Karachi: D. S. Industries Limited, a textile company, has revealed its financial results for the fiscal year ending June 30, 2025, exhibiting notable changes in its financial metrics compared to previous years. The company reported a profit after taxation of 5.25 million rupees for 2025, a substantial turnaround from a loss of 3.46 million rupees recorded in 2024.
According to information available from the Pakistan Stock Exchange (PSX), the company’s revenue from contracts with customers saw a significant contraction to 3.78 million rupees in 2025, down from 29.17 million rupees in 2024. Despite this drop in sales, the company managed to achieve a net profit margin of 138.69%, indicating a very large move relative to the previous year’s net profit margin of negative 11.85%.
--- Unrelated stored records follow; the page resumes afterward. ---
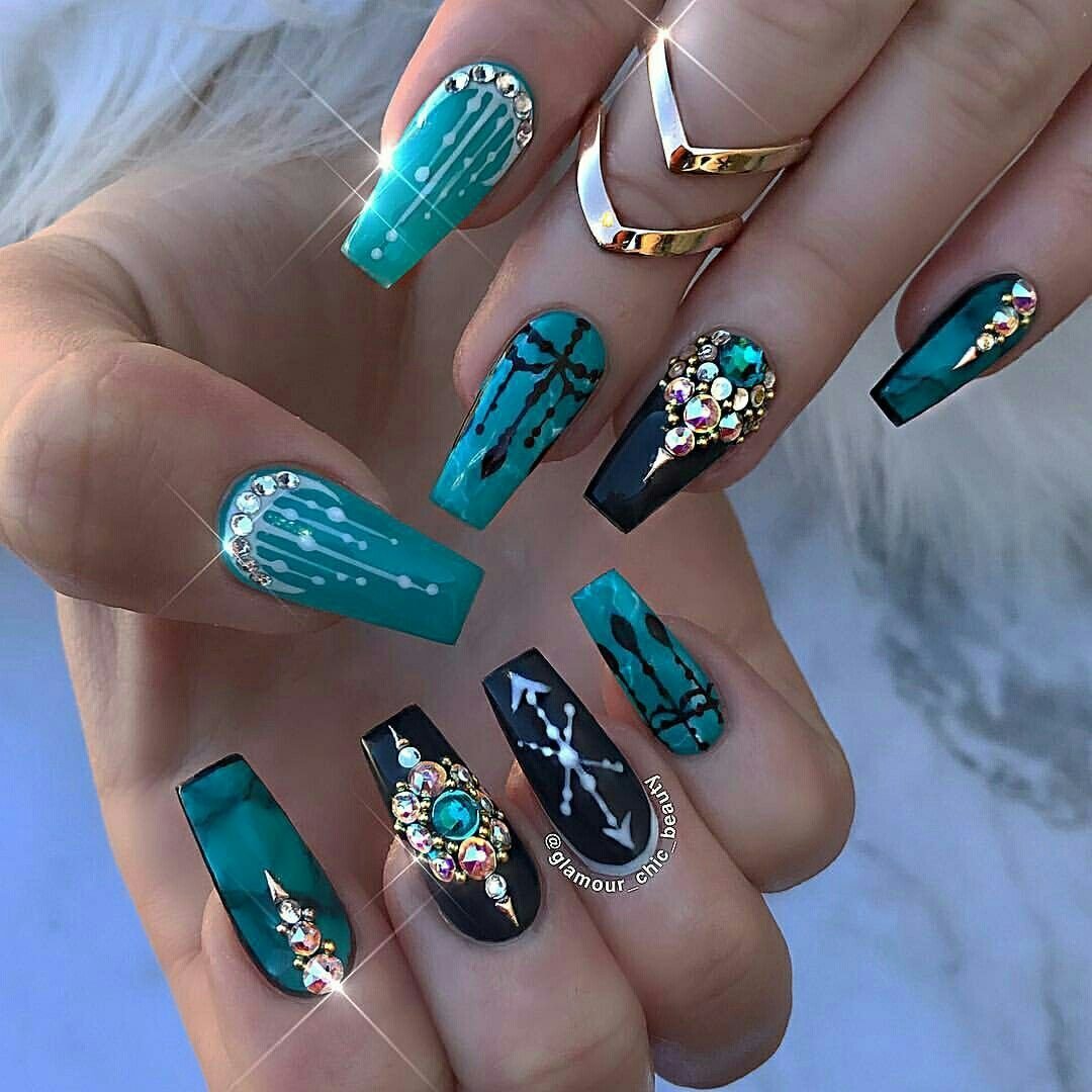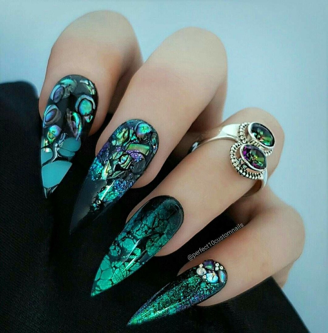 ![Изумрудный маникюр стилет]()
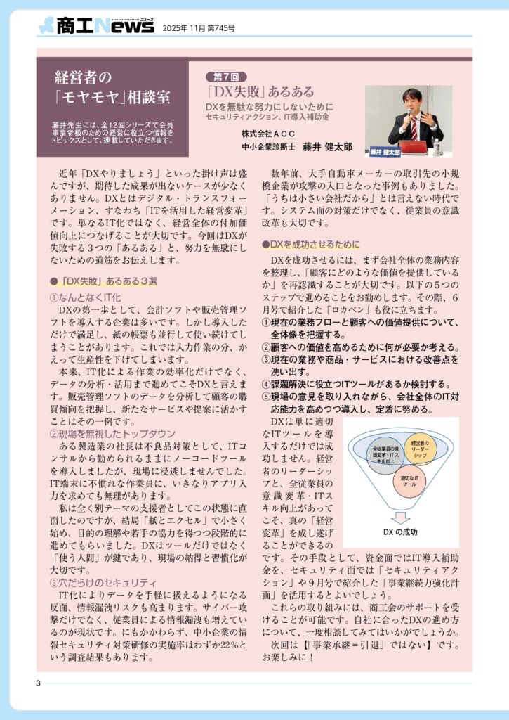 岐阜県商工会連合会は、県内商工会の活動や中小企業支援情報を紹介する機関誌「商工ニュース」令和7年11月号を発刊しました。経営に役立つ情報や各地の商工会の取組事例などを掲載しております。ぜひご覧ください。
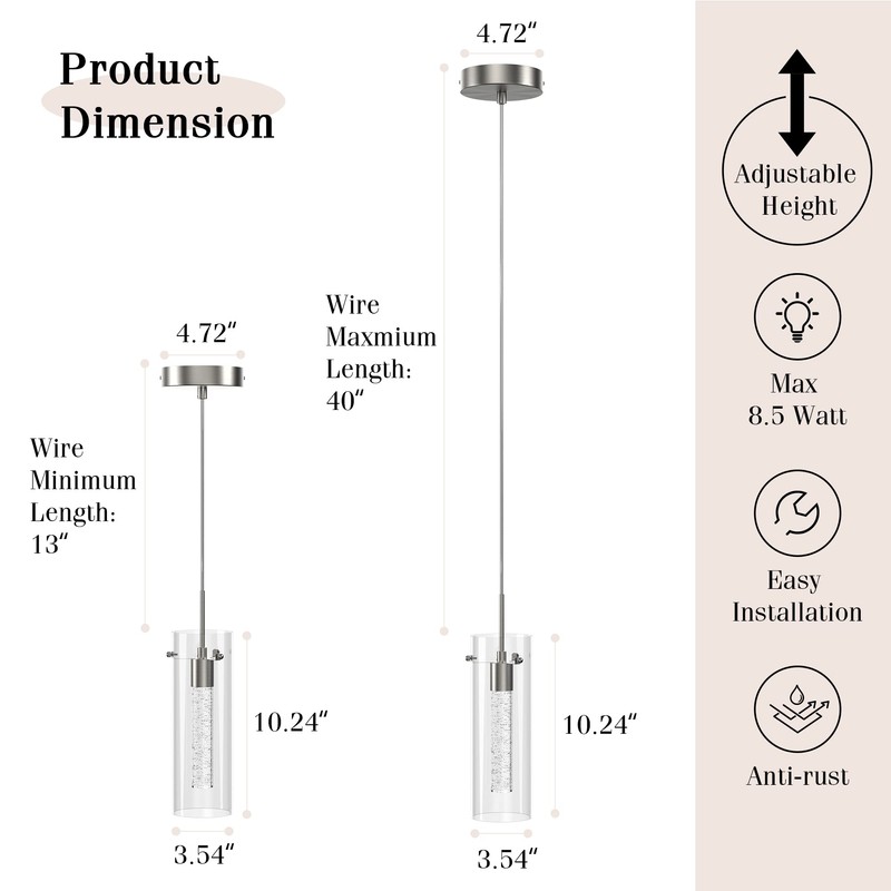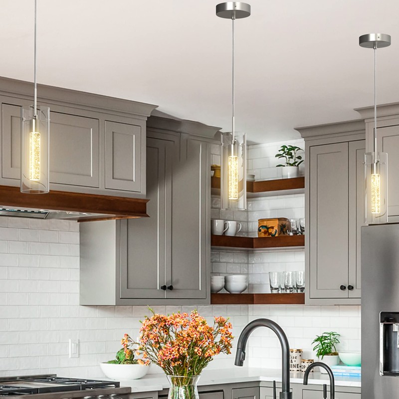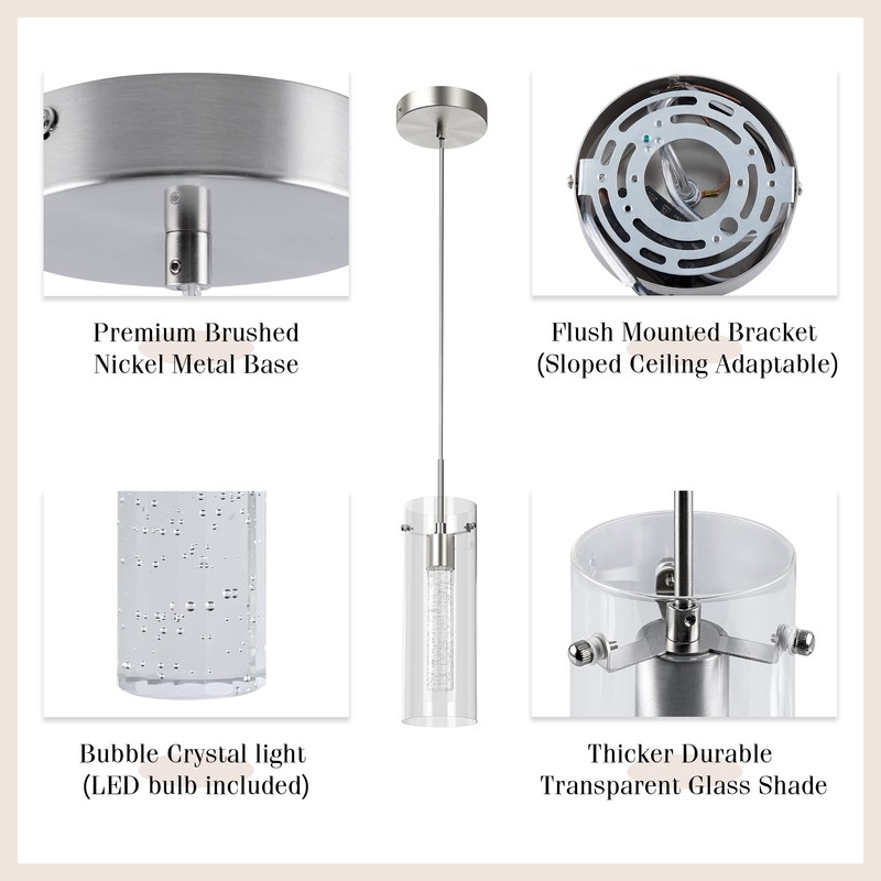 - √ Modern Design: Simple design line, graceful taste, Esfos pendant light is eye-catching and can suit almost all kinds of home styles. Brushed nickel finish, clear glass shade and mimicking champagne bubbles frozen in ice, this crystal pendant can create a modern charm glow to illuminate your house.

The cost of sales also decreased to 3.89 million rupees from 21.27 million rupees, resulting in a gross loss of 110,079 rupees. Operating expenses witnessed a decline, with selling and distribution costs falling to 498,058 rupees from 9.16 million rupees, and administrative expenses reduced to 12.84 million rupees from 16.47 million rupees in the previous year.
Operating loss for the period stood at 2.08 million rupees, slightly worse than the loss of 540,081 rupees recorded in 2024. However, the company’s other income was reported at 11.37 million rupees, providing a buffer against the operating losses.
A notable contribution to the financial results came from the share of profit from associated undertakings, which increased to 8.51 million rupees in 2025 from 2.86 million rupees in 2024. This increase played a crucial role in the company’s improved financial performance.
The taxation expenses significantly reduced to 394,359 rupees from 5.40 million rupees, contributing to the overall positive net outcome for the year. Earnings per share for 2025 were reported at 0.06 rupees, compared to a loss per share of 0.04 rupees in 2024.
The balance sheet for the year showed total equity of 189.04 million rupees, up from 183.79 million rupees in the previous year. Current assets decreased to 110.44 million rupees from 121.45 million rupees, while current liabilities also saw a reduction to 95.65 million rupees from 107.77 million rupees.
These financial results highlight a significant shift in the company’s performance, reflecting strategic adjustments and improved profitability despite a challenging revenue environment.